Source data
━━━━━━

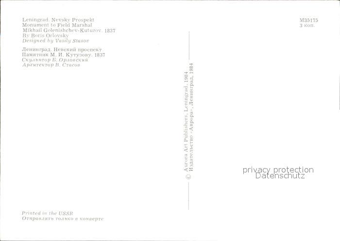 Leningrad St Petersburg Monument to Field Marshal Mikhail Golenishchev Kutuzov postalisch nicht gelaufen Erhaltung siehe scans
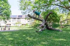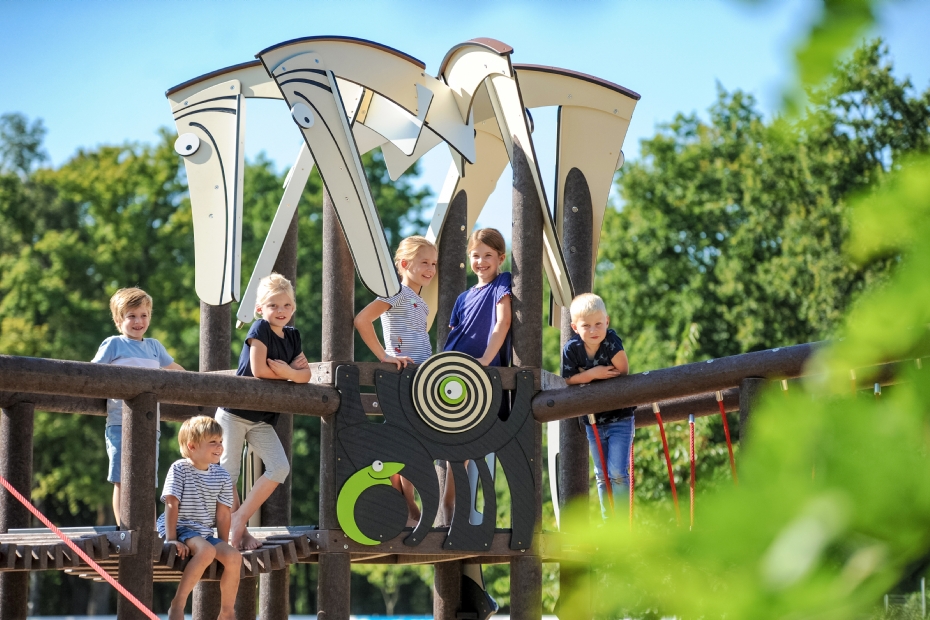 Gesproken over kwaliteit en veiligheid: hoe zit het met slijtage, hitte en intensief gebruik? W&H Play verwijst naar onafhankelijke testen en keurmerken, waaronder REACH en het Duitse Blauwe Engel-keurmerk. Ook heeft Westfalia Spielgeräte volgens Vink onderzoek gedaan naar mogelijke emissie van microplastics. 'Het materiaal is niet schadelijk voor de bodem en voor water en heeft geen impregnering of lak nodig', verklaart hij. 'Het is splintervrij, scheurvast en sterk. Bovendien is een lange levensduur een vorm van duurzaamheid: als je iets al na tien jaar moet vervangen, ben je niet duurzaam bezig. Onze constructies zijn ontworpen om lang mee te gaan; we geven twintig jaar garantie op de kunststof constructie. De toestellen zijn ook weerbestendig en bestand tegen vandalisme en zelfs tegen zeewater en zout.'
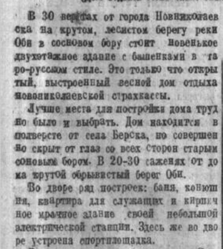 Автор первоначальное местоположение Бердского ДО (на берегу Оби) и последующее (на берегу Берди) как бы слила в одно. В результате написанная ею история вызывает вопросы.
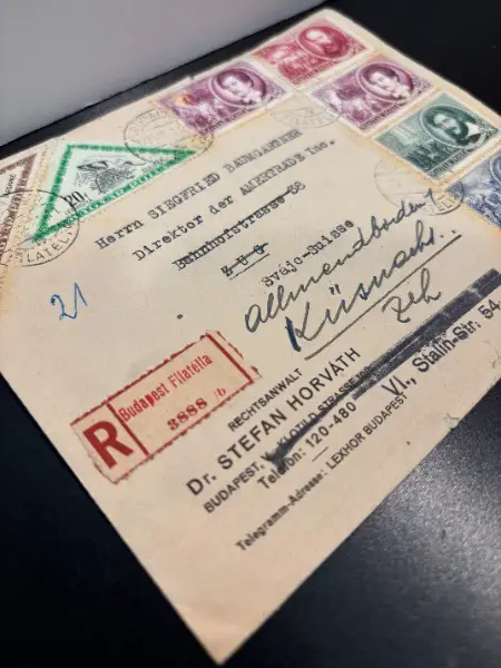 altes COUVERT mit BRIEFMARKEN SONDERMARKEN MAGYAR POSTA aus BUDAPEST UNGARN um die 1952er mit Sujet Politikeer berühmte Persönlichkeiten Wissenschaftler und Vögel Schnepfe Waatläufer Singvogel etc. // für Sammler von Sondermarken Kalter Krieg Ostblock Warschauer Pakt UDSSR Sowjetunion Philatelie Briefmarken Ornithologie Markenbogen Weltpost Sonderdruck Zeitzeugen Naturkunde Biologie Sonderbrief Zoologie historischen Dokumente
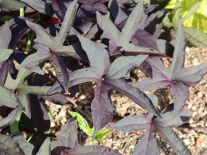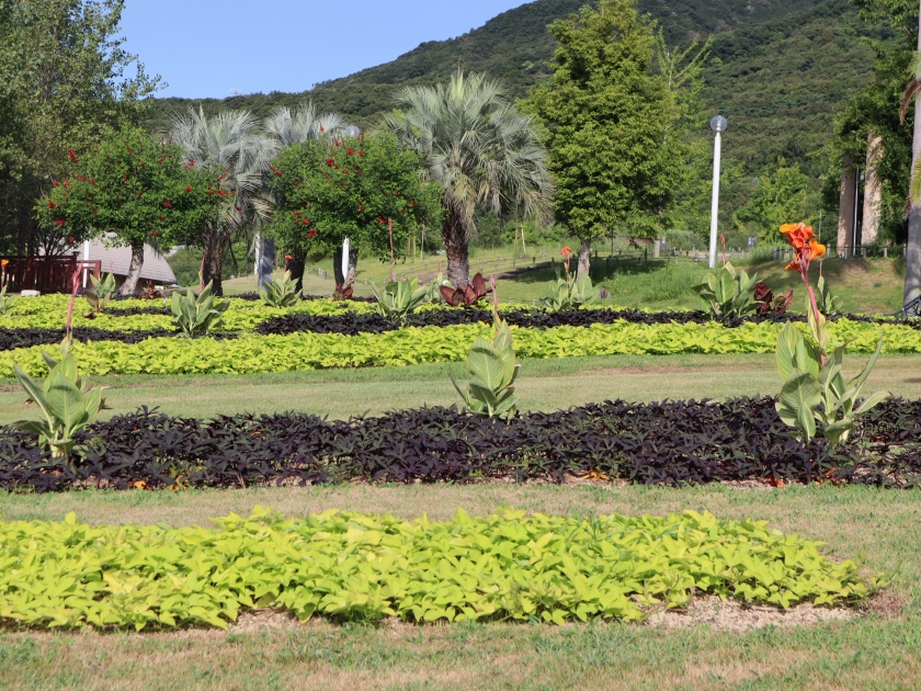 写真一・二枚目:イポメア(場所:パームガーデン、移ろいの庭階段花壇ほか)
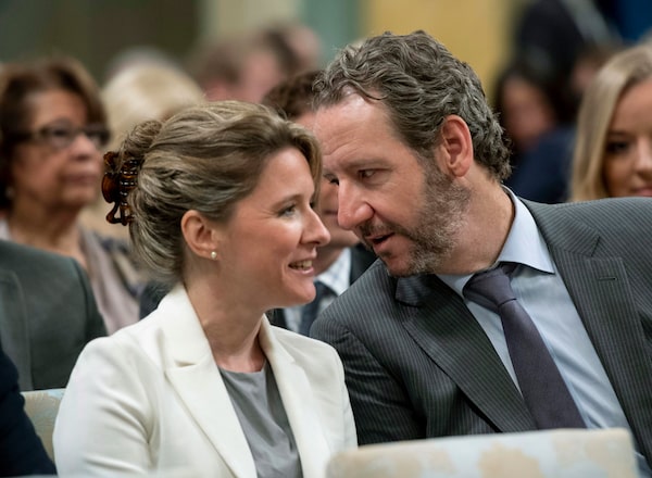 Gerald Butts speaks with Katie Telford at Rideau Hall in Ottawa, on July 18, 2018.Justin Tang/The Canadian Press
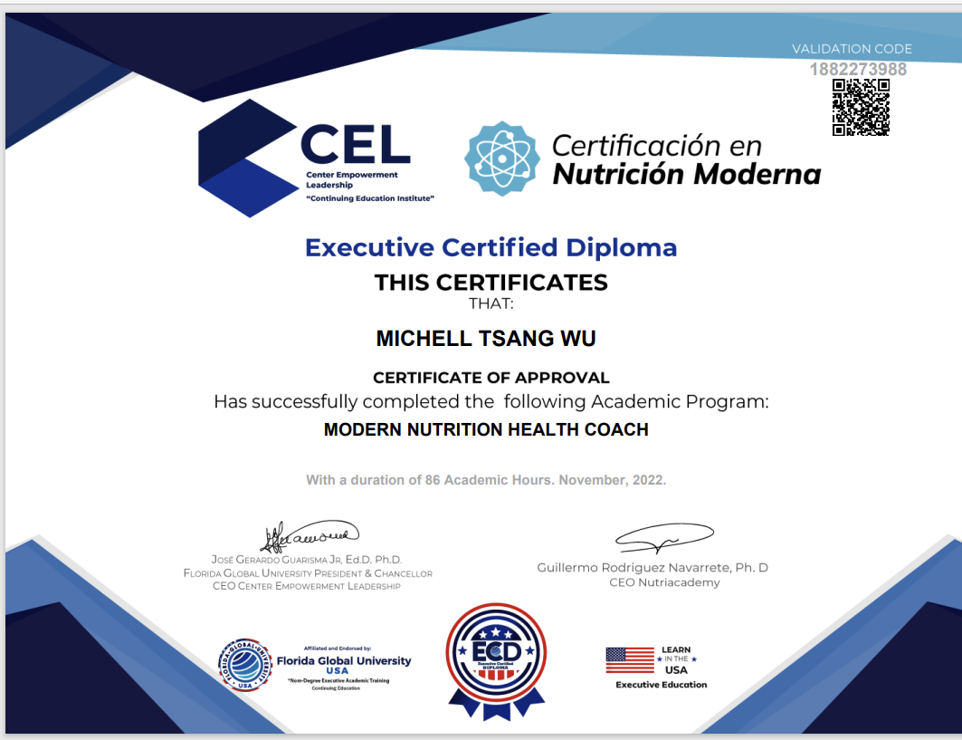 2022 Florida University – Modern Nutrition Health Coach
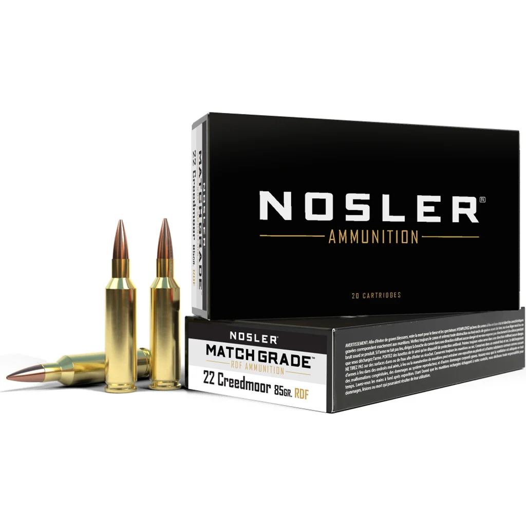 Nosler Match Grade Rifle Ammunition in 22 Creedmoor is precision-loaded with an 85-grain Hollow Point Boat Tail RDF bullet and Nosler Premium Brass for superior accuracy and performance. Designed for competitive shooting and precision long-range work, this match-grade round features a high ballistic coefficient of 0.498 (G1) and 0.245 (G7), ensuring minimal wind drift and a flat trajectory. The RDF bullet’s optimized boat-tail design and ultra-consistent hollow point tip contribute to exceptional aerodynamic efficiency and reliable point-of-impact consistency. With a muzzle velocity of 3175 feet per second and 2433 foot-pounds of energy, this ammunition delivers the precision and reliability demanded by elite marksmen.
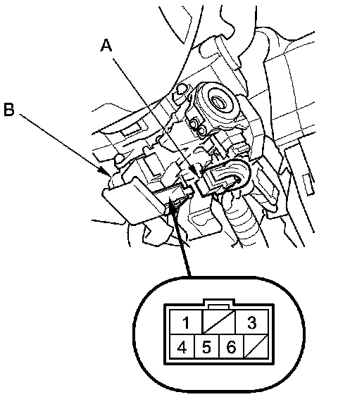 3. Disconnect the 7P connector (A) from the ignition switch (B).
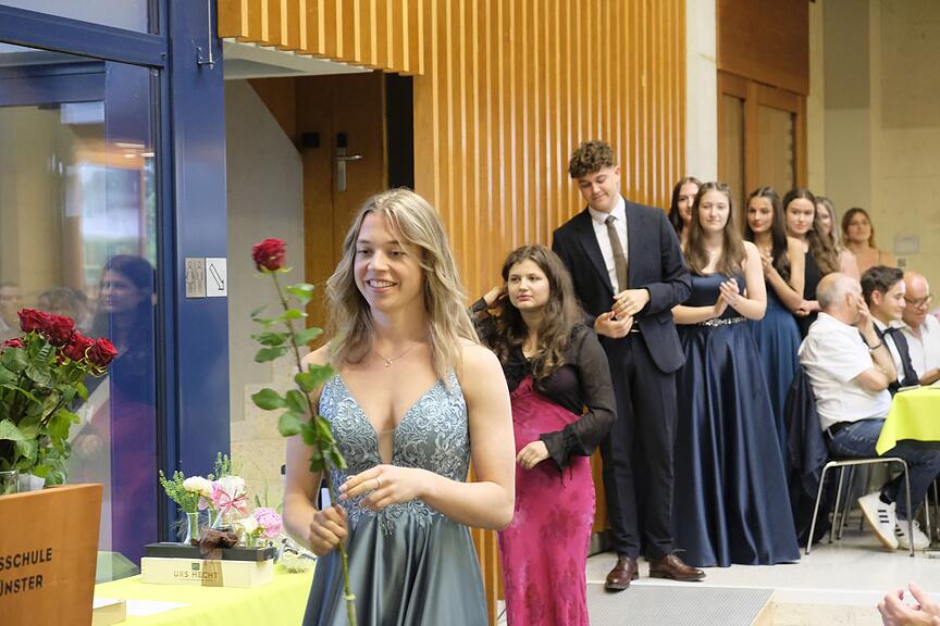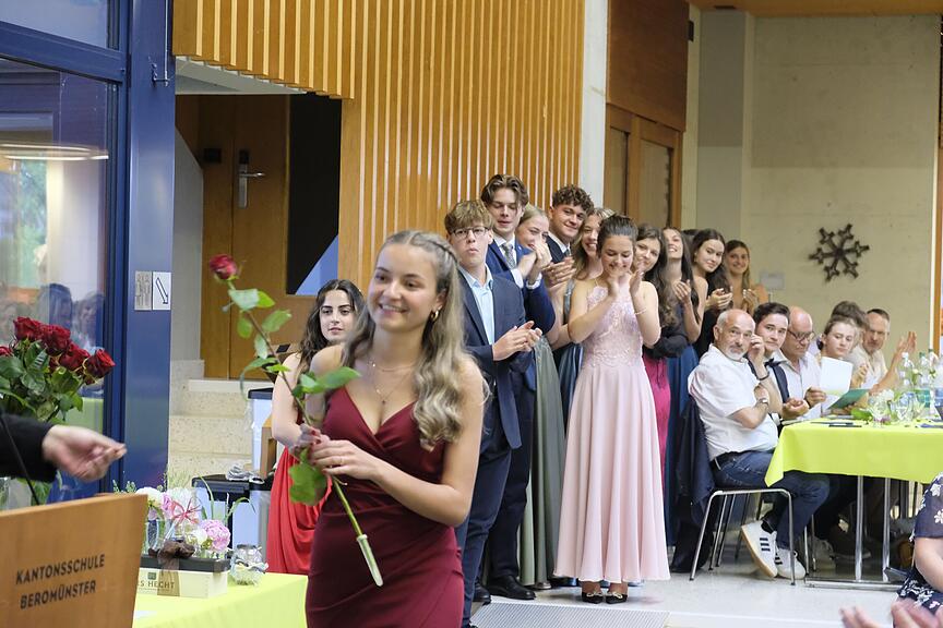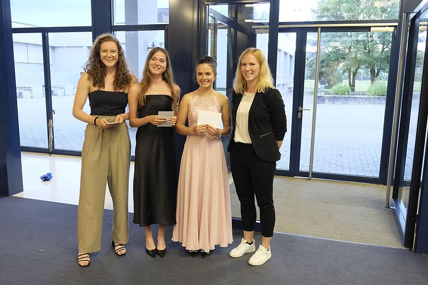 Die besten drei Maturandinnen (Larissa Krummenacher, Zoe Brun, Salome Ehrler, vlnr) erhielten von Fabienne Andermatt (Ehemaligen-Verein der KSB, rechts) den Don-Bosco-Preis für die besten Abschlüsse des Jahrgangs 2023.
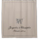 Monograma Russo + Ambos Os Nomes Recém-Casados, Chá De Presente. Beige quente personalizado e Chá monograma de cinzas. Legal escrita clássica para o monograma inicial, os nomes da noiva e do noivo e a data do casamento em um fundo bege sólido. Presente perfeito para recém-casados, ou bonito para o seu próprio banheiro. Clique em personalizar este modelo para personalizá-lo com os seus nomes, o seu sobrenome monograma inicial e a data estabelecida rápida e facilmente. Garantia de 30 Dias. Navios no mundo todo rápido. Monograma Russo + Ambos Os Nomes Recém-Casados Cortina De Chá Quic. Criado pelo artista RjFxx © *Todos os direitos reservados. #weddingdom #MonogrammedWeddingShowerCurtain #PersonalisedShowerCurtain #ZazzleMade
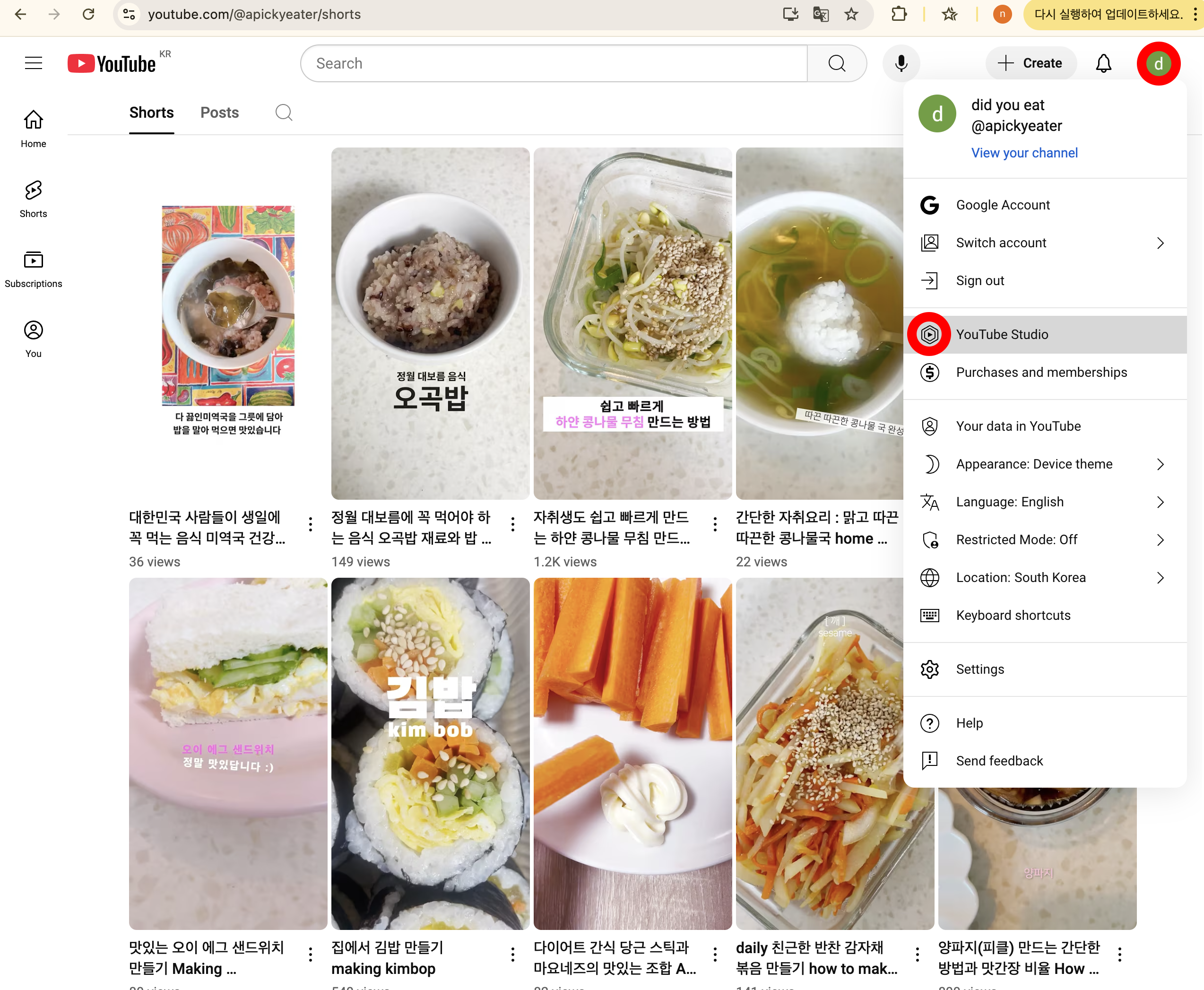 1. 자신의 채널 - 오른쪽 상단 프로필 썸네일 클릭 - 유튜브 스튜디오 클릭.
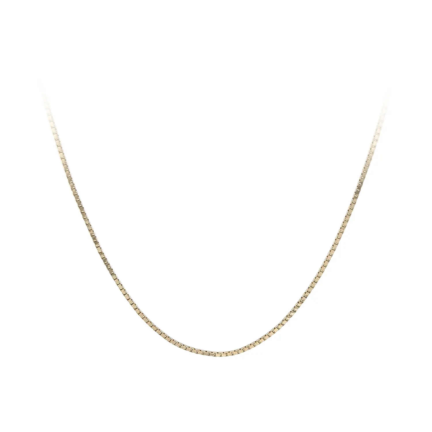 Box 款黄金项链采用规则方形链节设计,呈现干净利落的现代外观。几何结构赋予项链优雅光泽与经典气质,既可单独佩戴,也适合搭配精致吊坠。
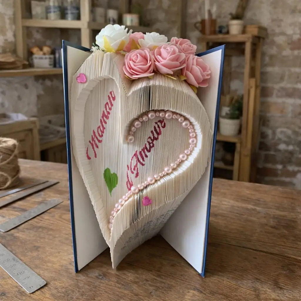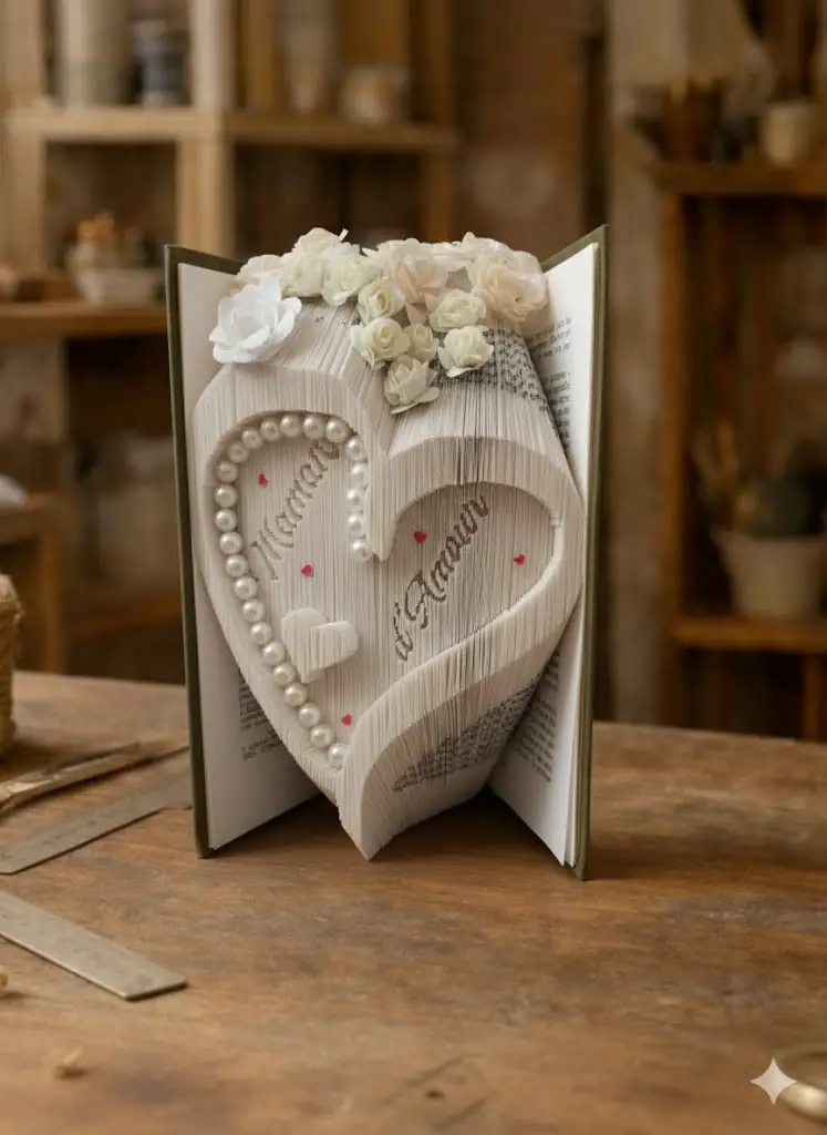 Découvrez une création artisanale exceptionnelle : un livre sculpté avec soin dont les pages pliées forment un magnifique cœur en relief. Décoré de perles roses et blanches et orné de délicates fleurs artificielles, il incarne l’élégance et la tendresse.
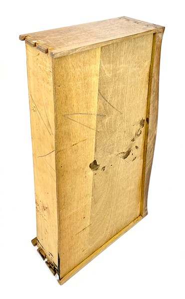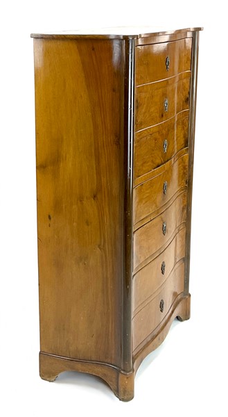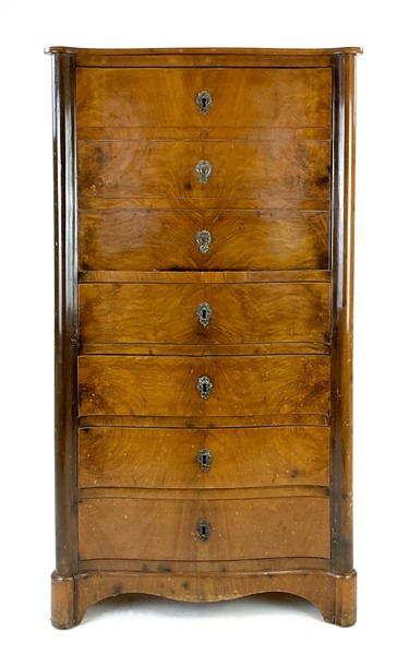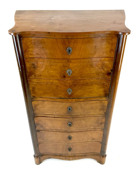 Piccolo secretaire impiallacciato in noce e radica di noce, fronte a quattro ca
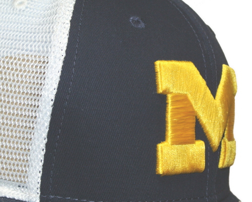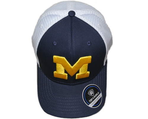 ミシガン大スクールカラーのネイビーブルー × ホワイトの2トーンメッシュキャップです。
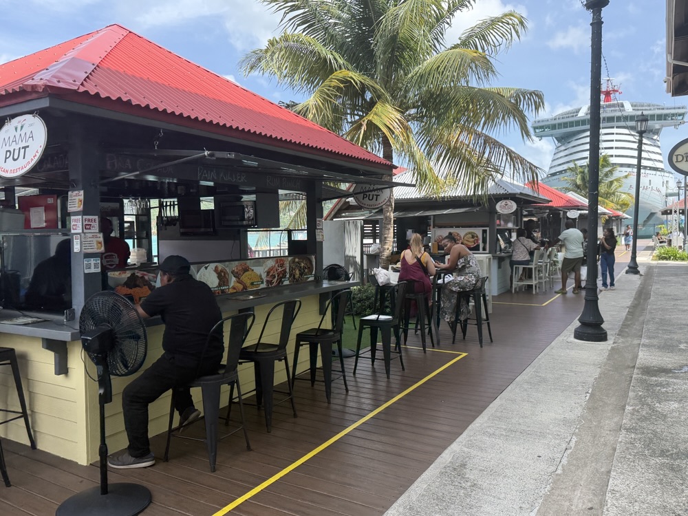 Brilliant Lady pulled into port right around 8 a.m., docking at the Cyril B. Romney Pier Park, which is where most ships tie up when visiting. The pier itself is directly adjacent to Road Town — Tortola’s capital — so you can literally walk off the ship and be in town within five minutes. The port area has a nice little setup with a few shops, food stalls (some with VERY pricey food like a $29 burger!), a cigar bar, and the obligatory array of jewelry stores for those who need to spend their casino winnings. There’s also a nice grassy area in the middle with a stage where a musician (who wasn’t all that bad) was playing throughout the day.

━━━━━━

Would you transcribe exactly, and only, the lines from the one containing "1. 자신의 채널 - 오른쪽 상단 프로필 썸네일 클릭 - 유튜브 스튜디오 클릭." through the last line of the records above, both included, leaving out the pictures?

 1. 자신의 채널 - 오른쪽 상단 프로필 썸네일 클릭 - 유튜브 스튜디오 클릭.
 Box 款黄金项链采用规则方形链节设计,呈现干净利落的现代外观。几何结构赋予项链优雅光泽与经典气质,既可单独佩戴,也适合搭配精致吊坠。
 Découvrez une création artisanale exceptionnelle : un livre sculpté avec soin dont les pages pliées forment un magnifique cœur en relief. Décoré de perles roses et blanches et orné de délicates fleurs artificielles, il incarne l’élégance et la tendresse.
 Piccolo secretaire impiallacciato in noce e radica di noce, fronte a quattro ca
 ミシガン大スクールカラーのネイビーブルー × ホワイトの2トーンメッシュキャップです。
 Brilliant Lady pulled into port right around 8 a.m., docking at the Cyril B. Romney Pier Park, which is where most ships tie up when visiting. The pier itself is directly adjacent to Road Town — Tortola’s capital — so you can literally walk off the ship and be in town within five minutes. The port area has a nice little setup with a few shops, food stalls (some with VERY pricey food like a $29 burger!), a cigar bar, and the obligatory array of jewelry stores for those who need to spend their casino winnings. There’s also a nice grassy area in the middle with a stage where a musician (who wasn’t all that bad) was playing throughout the day.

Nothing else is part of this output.